In [18]:
# Required install libraries:
#        datasets
#        transformers
#        PyTorch
#        
import os

In [19]:
# Loads the data from data_XXXX.txt and label_XXXX.txt files
def load_local_dataset(data_dir):
    texts = []
    labels = []
    
    # Iterate over the files in your dataset directory
    for filename in os.listdir(data_dir):
        if filename.startswith("data_") and filename.endswith(".txt"):
            data_filepath = os.path.join(data_dir, filename)
            label_filepath = data_filepath.replace("data_", "label_")  # Assuming matching filenames for data and labels
            
            # Read the text
            with open(data_filepath, 'r', encoding='utf-8') as f:
                text = f.read().strip()
                texts.append(text)
            
            # Read the corresponding label
            with open(label_filepath, 'r', encoding='utf-8') as f:
                label = f.read().strip() 
                labels.append(label)
    
    # Return a list of dicts with 'text' and 'label' keys
    return [{"text": t, "label": l} for t, l in zip(texts, labels)]

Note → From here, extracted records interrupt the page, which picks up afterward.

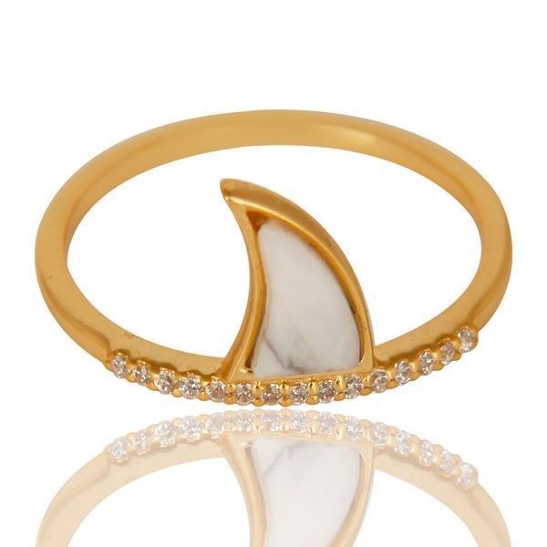 Howlite Cz Gemstone Horn Design 925 Silver Gold Plated Adjustable Rings
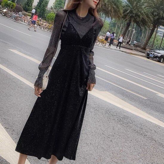 パーティードレス レディース セットアップ 長袖 ベルベット キャミソールワンピース Vネック プルオーバー ハイネック キラキラ エレガント かわいい 結婚式 謝恩会 二次会 パーティー おしゃれ
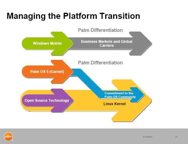 Then, at its Analyst and Investor Day in April 2007, Palm announced plans to moosh its PalmOS development together with development atop the Linux kernel, along with plans to come out with Linux-based Palm products before the end of this year. We don't have more specifics at press time, but we do have a copy of a visual used by Palm at the announcement (Figure 1).
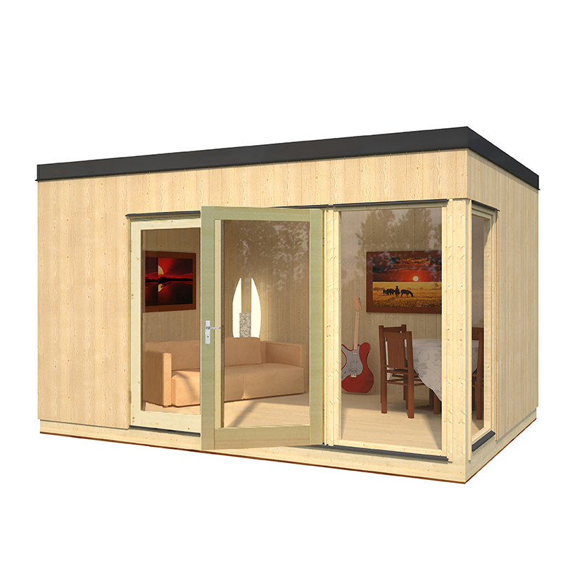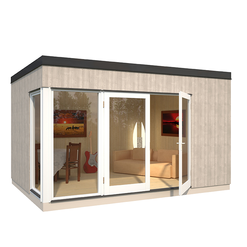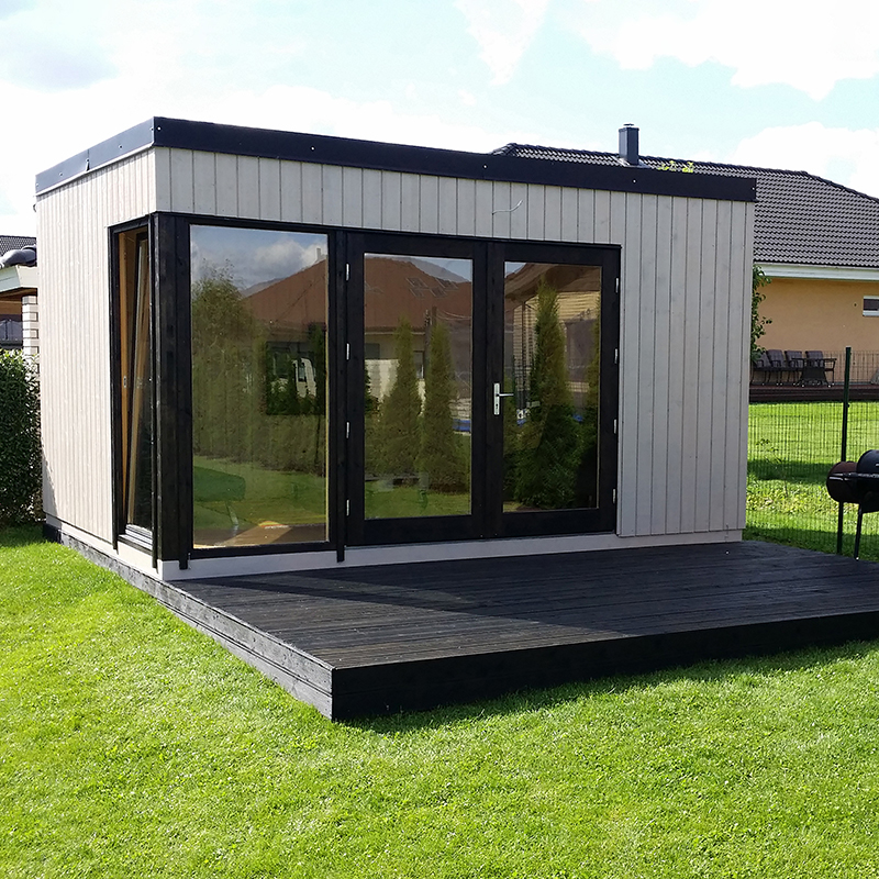 Solveig är en modern stuga med härdade 2-glasfönster och pardörr med cylinderlås och gummitätning samt dropplist i aluminium. Kraftiga djupimpregnerade grundbalkar ger huset stabilitet och en lång livslängd. Trendig finsågad utvändig panel. 5 års garanti.
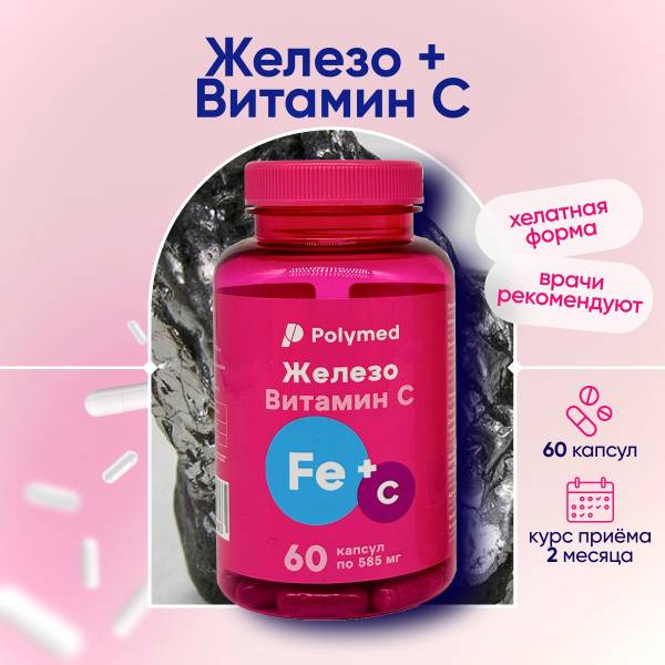 Keywords: Iron supplement, vitamin C supplement, iron deficiency, hemoglobin, energy boost, immune support, chelated iron, Polymed, vitamins for women, vitamins for men, dietary supplement, health supplement, family health, clinical expertise, maximum absorption.
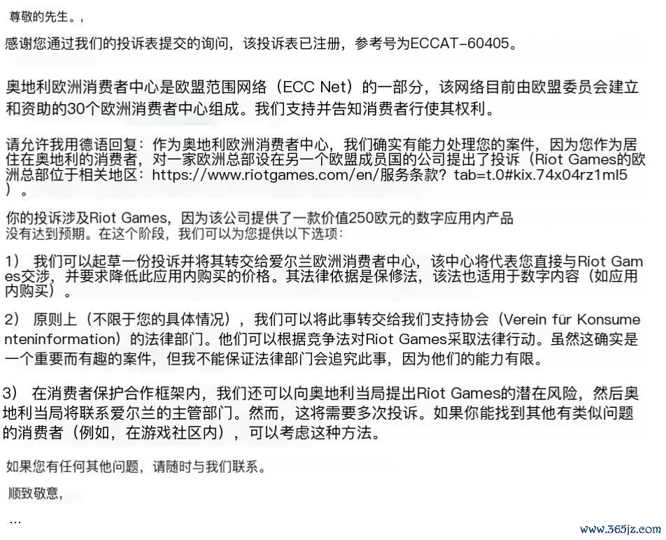 7月25日发帖后阅历一个月千里寂,该用户于8月29日带着奥地利欧洲亏本者中心的回答追念,并公布了三种可摄取的行径决策。他采选第三项:尽可能积累玩家投诉,平直提交奥地利当局代表玩家与拳头交涉。此事将随后转至拳头欧洲总部地方地爱尔兰政府进行直面处置。

# Define the path to your dataset folder
data_dir = "./training_data"
dataset = load_local_dataset(data_dir)

In [20]:
# Convert loaded data to Hugging Face Dataset format
from datasets import Dataset

# Load the dataset into a Hugging Face Dataset object
dataset = Dataset.from_dict({"text": [item['text'] for item in dataset],
                             "label": [item['label'] for item in dataset]})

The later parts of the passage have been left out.